> [Given information]
============================================================
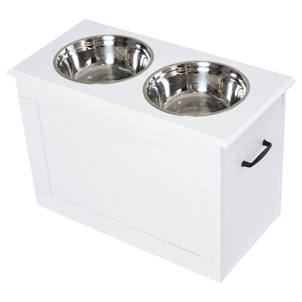 Станция для хранения корма для домашних животных PawHut с подставкой из 2 мисок из нержавеющей стали для крупных собак и других крупных домашних животных, белая, коричневый
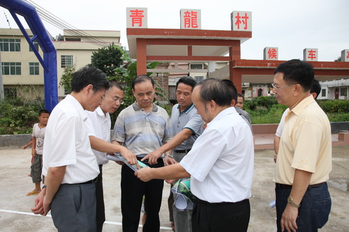 考察组接着察看了拟建的昆陂村多功能产业扶贫综合服务站选址、广东省泉州商会捐资维修昆陂村小学的情况,还察看了青龙村全民健身小广场、候车亭使用情况,以及拟建的村文化室地点。
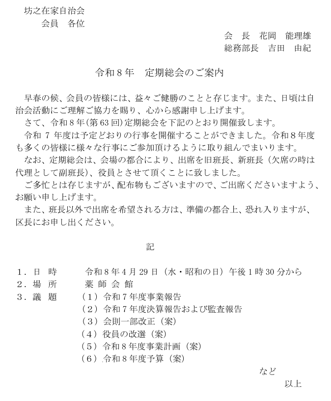 なお、来月の地域清掃は、9月14日(日)午前10時からです。ご協力をお願いいたします。
============================================================
> [Task to complete] The whole listing, minus its images, should be repeated exactly.

> [Answer for the task]
 Станция для хранения корма для домашних животных PawHut с подставкой из 2 мисок из нержавеющей стали для крупных собак и других крупных домашних животных, белая, коричневый
 考察组接着察看了拟建的昆陂村多功能产业扶贫综合服务站选址、广东省泉州商会捐资维修昆陂村小学的情况,还察看了青龙村全民健身小广场、候车亭使用情况,以及拟建的村文化室地点。
 なお、来月の地域清掃は、9月14日(日)午前10時からです。ご協力をお願いいたします。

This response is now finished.